So your startup is growing... Great! The only problem is, you can’t say exactly why it’s growing or how to increase the rate of growth. You know that analytics are important, but you don’t know quite where to start as far as building the operation is concerned.
Maybe it all sounds very complicated, or you’ve taken a look at the universe of analytics resources available these days and have no idea whether you need an open source ETL tool or an enterprise-scale, does-everything data management suite.
Don’t worry, we’ve got you.
At Panoply, we’ve helped startups from Saucey to Spacious build out their data operations, so we know a thing or two about the ins and outs of putting together an effective set of analytics tools for startups. We’ve put together a guide that covers how to get the major components of an analytics operation in place with a minimum of pain and expense, and it should be useful for most business types.
Startup analytics 101
First, let’s cover the major components of a data analytics operation. You’re going to need to assemble a set of tools that fall into three broad categories:
With these three core components in place, you should be able to build a simple, effective data analytics operation that can scale with your startup as it grows. Before we start to look at specific tools, it will probably be helpful to give a little more detail about how the components fit together and what each one will be doing in your data stack.
Data collection - what you need and how to get it
Unless your business is built specifically around highly specialized data and advanced data science techniques, there’s a relatively small set of data types and collection methods that you’ll need in the early stages. And even if you are planning on doing something extremely fancy, these recommendations will probably still apply for other segments of your business. The specific mix of data types you collect and analyze is going to come down to the type of business you’re running, but you’re almost guaranteed to need to be tracking least a few of the following:
- Ad performance: This will help you break down the cost-effectiveness each ad network, audience, and ad creative. It’s a must when it comes to scaling effectively.
- Web traffic data: Even the simplest websites generate a lot of insight about who is interested in your products or services. Besides, this will help you forever memorialize that traffic spikes you got from Product Hunt and TechCrunch.
- App tracking: You’ll want this type of data to understand how customers are using and interacting with your offerings, especially if you’re a software business.
- E-commerce data: This probably seems obvious—and it should!—but if tracking purchases and their associated data is your primary interest, you’ll want to combine this data with the other types to understand exactly how your customers go from finding your site to visiting your site to clicking the buy button—and where you an improve.

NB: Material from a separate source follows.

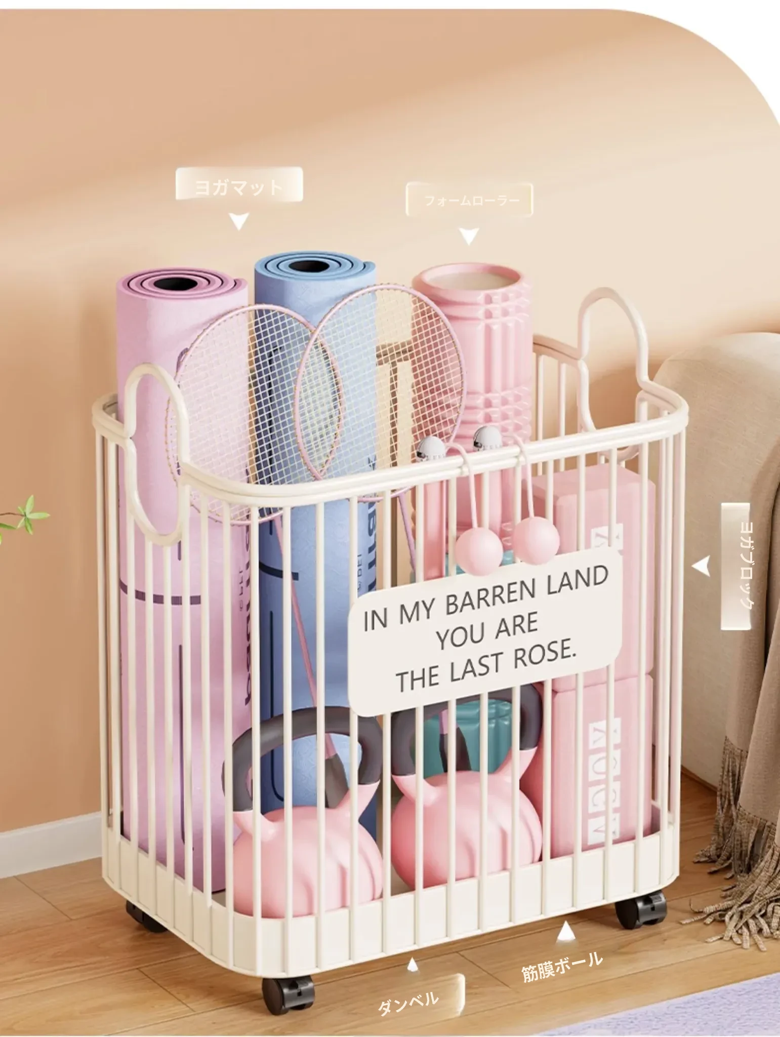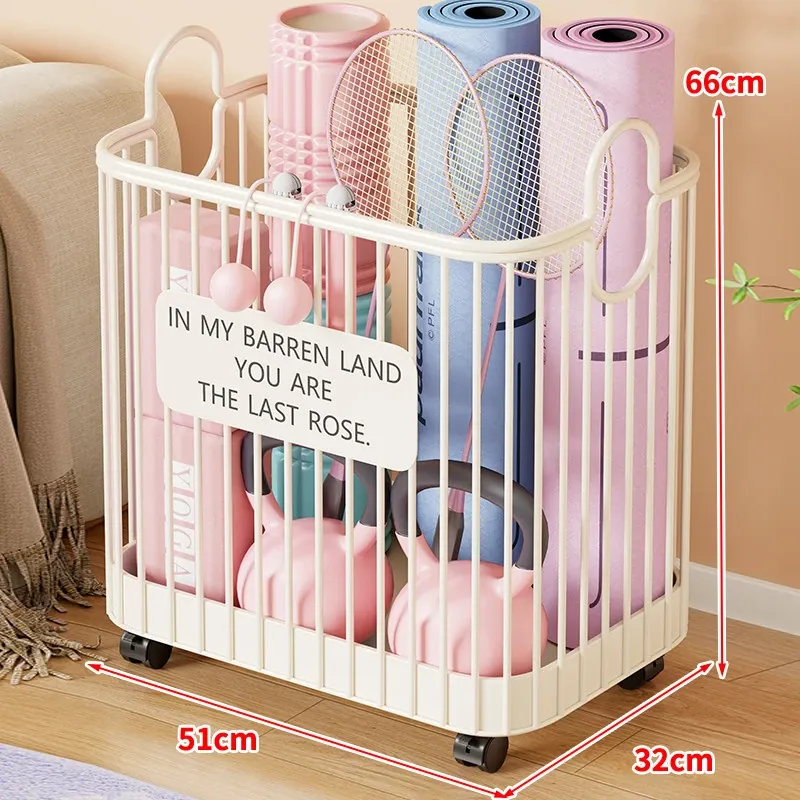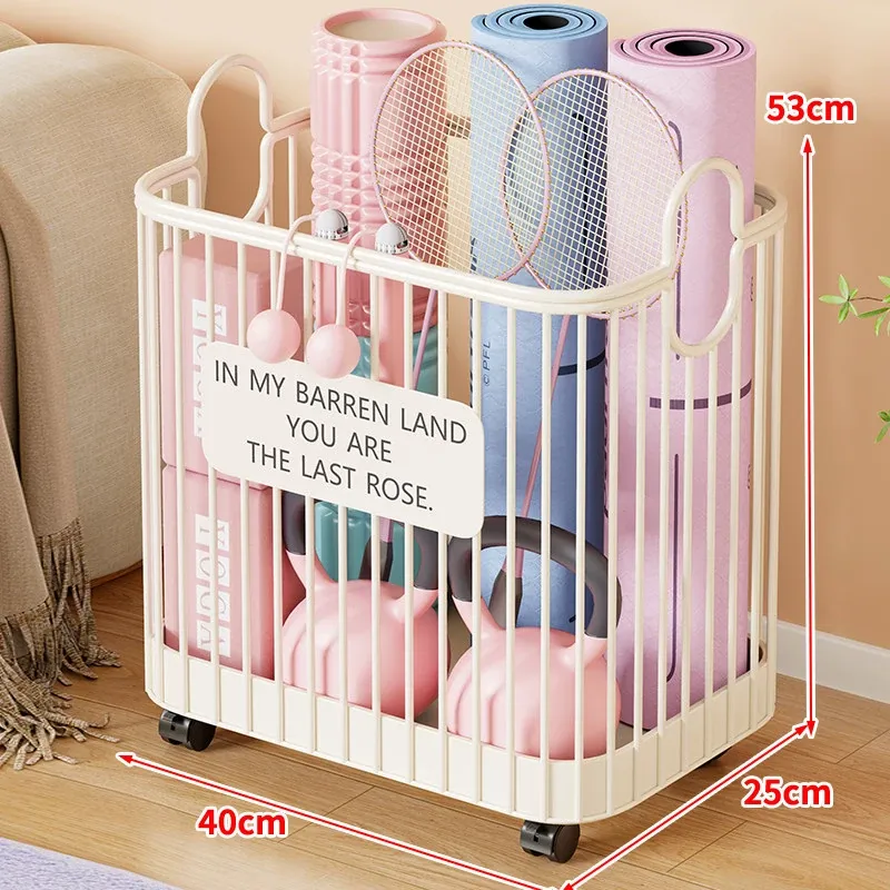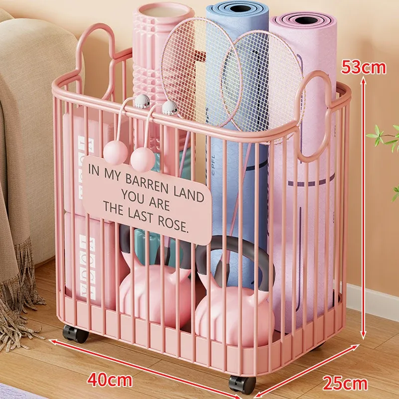 ヨガマット収納バスケット - 車輪付きで移動ラクラク!家庭用スポーツツール収納ラック、フィットネス器具の整理に最適な便利アイテム!

- CRM and marketing automation data: Data from your sales and marketing teams’ CRM suite will help enrich your understanding of your customer lifecycle, especially in combination with all the other data listed here.

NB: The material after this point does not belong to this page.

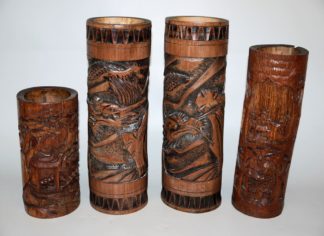 0577-Vier Pinselbecher aus Bambus, China 20. Jh.

- Customer support: You’ll also want to look at the flip side of things--how well are you handling technical issues and unhappy customers? This data often
- Net Promoter Score: Depending on who you ask, NPS is either the one KPI you need or an overhyped so-so metric, but since it’s such a simple data point to collect, you’re just better off tracking it than not. It can help you understand what’s making your customers happy (or unhappy!), where you stand with regard to other companies in that respect, and what might trigger your customers to leave.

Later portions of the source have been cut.